October 23, 2008


Weakness? Defenselessness? Helplessness? Webster—and most of society —has got it all wrong. Intentional vulnerability isn’t weakness; it requires great inner strength to be willing to be open and present oneself at risk of possible harm. The price one pays in remaining vulnerable is the occasional harm from those who take advantage. Those with the ready blade of a sharp word will cut the exposed throat, not realizing that they themselves are the victims of a facade, populating a world that exists only superficially and is easily shattered. The victory doesn’t even last to the next encounter.

Those who choose to be open—to be vulnerable—chance being hurt in exchange for the possibility of intimate connection. This is not to encourage indiscriminate openness, for the scars can accumulate to create an almost impenetrable shell.

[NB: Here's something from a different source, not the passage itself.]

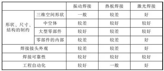 目前已有多種塑料焊接方法,如:超聲波焊接、摩擦焊接、振動(dòng)焊接、熱板焊接,各種焊接方法適合不同尺寸、形狀的焊接部件,優(yōu)劣比較見(jiàn)下圖。
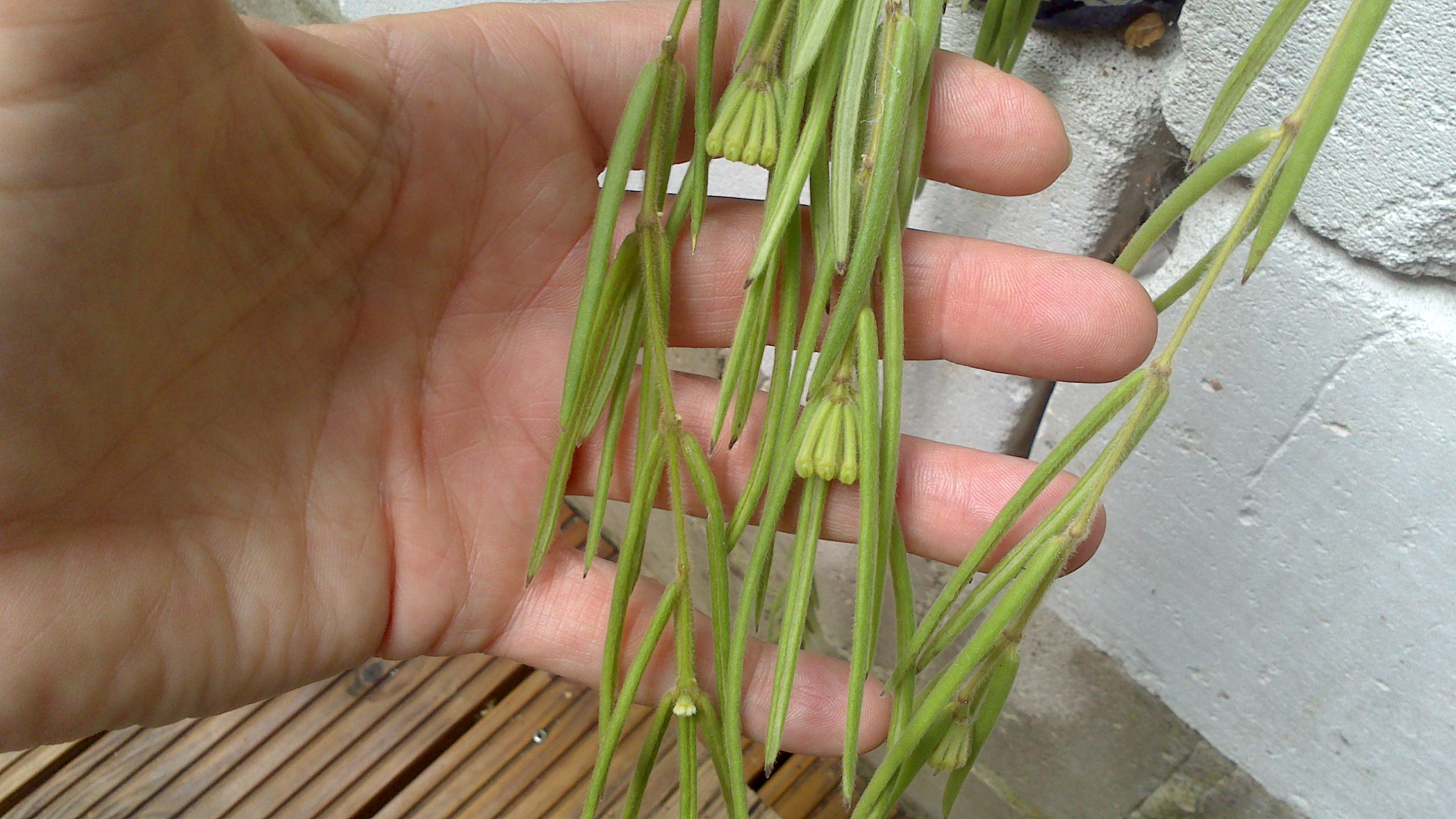 Ja, Paula, solche Hoyablüten, wo die Blütenblätter so nach hinten 'geklappt' sind, gibt's. Ich hab mein schlaues Hoyabuch hervorgekramt und finde, Deine Blüte sieht exakt wie jene der Hoya subquintuplinervis oder Hoya pachyclada aus, beim Blatt bin ich mir jedoch nicht ganz sicher. Die Größe ist anhand Deines Fotos nicht erkennbar, die Form würde jedoch passen. Einen leichten Flaum haben die Blätter dieser Hoya jedoch, was wiederum passen würde. Aber wie gesagt, ich bin nicht sicher - es gibt so viele Hoyas, die sich ähnlich sehen und dazu noch jede Menge Variäteten und Kreuzungen...

But careful and selective revelation of self can elicit a like response, and the reward is another link in the ethereal chain of human intimacy. It is what all of us seek, at least those who haven’t given up in despair that it is unattainable. This genuine intimacy is the closest we can come to a spiritual experience in corporeal form.

The choice is ours, with every personal encounter. To what degree do we reveal ourselves? I think we are richer for choosing vulnerability.


Me Online said...

I just realized something. You write very much like Carrie in Sex in the City. Accept for the fact that you haven't written THAT much about sex. Keep it up. Maybe they will make a movie.

Doug said...

Choosing vulnerability takes courage and confidence. Things I don't always have.

Sooo-this-is-me said...

Hmmm, I tend to be pretty guarded in the real world and honestly I do not see that changing soon. Maybe I worry too much.

Ur-spo said...

I concur; you hit that nail on the head. Being vulnerable means giving up your power to another; and that could be hurtful. But there is no growth or intimacy without that risk.